The code above to split data in train and test sets is tedious to write. The sklearn exposes cross-validation generators to generate list of indices for this purpose:

```
>>> from sklearn import cross_validation
>>> k_fold = cross_validation.KFold(n=6, n_folds=3, indices=True)
>>> for train_indices, test_indices in k_fold:
... print('Train: %s | test: %s' % (train_indices, test_indices))
Train: [2 3 4 5] | test: [0 1]
Train: [0 1 4 5] | test: [2 3]
Train: [0 1 2 3] | test: [4 5]
```

The cross-validation can then be implemented easily:

```
>>> kfold = cross_validation.KFold(len(X_digits), n_folds=3)
>>> [svc.fit(X_digits[train], y_digits[train]).score(X_digits[test], y_digits[test])
... for train, test in kfold]
[0.93489148580968284, 0.95659432387312182, 0.93989983305509184]
```

To compute the score method of an estimator, the sklearn exposes a helper function:

```
>>> cross_validation.cross_val_score(svc, X_digits, y_digits, cv=kfold, n_jobs=-1)
array([ 0.93489149, 0.95659432, 0.93989983])
```

n_jobs=-1 means that the computation will be dispatched on all the CPUs of the computer.
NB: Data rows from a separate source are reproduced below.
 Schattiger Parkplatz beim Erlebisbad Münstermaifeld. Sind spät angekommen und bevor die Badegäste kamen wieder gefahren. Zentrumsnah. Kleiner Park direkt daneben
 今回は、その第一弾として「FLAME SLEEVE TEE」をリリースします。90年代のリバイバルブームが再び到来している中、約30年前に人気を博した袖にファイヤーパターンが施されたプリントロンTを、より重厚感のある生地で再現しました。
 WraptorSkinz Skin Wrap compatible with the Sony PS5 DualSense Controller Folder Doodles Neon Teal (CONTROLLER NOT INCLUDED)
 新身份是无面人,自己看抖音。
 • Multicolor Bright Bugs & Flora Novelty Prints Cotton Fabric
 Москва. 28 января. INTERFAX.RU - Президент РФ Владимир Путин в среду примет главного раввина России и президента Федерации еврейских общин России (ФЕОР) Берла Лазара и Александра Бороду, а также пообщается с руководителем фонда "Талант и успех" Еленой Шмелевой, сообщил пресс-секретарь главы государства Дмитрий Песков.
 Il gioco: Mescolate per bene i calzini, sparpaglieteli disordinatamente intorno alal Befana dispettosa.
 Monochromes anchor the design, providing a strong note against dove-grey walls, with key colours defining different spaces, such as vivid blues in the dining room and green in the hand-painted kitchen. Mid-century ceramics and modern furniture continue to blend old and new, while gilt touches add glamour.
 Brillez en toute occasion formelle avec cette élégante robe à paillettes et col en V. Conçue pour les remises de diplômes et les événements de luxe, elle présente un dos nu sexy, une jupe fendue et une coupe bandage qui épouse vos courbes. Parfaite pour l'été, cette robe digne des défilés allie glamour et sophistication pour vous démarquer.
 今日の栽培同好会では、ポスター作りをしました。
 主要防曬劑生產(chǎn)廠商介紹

Cross-validation generators

KFold (n, k) |
StratifiedKFold (y, k) |
LeaveOneOut (n) |
LeaveOneLabelOut (labels) |

Split it K folds, train on K-1 and then test on left-out | It preserves the class ratios / label distribution within each fold. | Leave one observation out | Takes a label array to group observations |

**Exercise**

On the digits dataset, plot the cross-validation score of a `SVC`
estimator with an linear kernel as a function of parameter C (use a
logarithmic grid of points, from 1 to 10).

```
import numpy as np
from sklearn import cross_validation, datasets, svm
digits = datasets.load_digits()
X = digits.data
y = digits.target
svc = svm.SVC(kernel='linear')
C_s = np.logspace(-10, 0, 10)
```

## Grid-search and cross-validated estimators¶

### Grid-search¶

The sklearn provides an object that, given data, computes the score during the fit of an estimator on a parameter grid and chooses the parameters to maximize the cross-validation score. This object takes an estimator during the construction and exposes an estimator API:

```
>>> from sklearn.grid_search import GridSearchCV
>>> gammas = np.logspace(-6, -1, 10)
>>> clf = GridSearchCV(estimator=svc, param_grid=dict(gamma=gammas),
... n_jobs=-1)
>>> clf.fit(X_digits[:1000], y_digits[:1000])
GridSearchCV(cv=None,...
>>> clf.best_score_
0.9889...
>>> clf.best_estimator_.gamma
9.9999999999999995e-07
>>> # Prediction performance on test set is not as good as on train set
>>> clf.score(X_digits[1000:], y_digits[1000:])
0.94228356336260977
```

By default, the `GridSearchCV` uses a 3-fold cross-validation. However,
if it detects that a classifier is passed, rather than a regressor, it uses
a stratified 3-fold.

Nested cross-validation

```
>>> cross_validation.cross_val_score(clf, X_digits, y_digits)
array([ 0.97996661, 0.98163606, 0.98330551])
```

Two cross-validation loops are performed in parallel: one by the
`GridSearchCV` estimator to set gamma and the other one by
cross_val_score to measure the prediction performance of the
estimator. The resulting scores are unbiased estimates of the
prediction score on new data.

Warning

You cannot nest objects with parallel computing (n_jobs different than 1).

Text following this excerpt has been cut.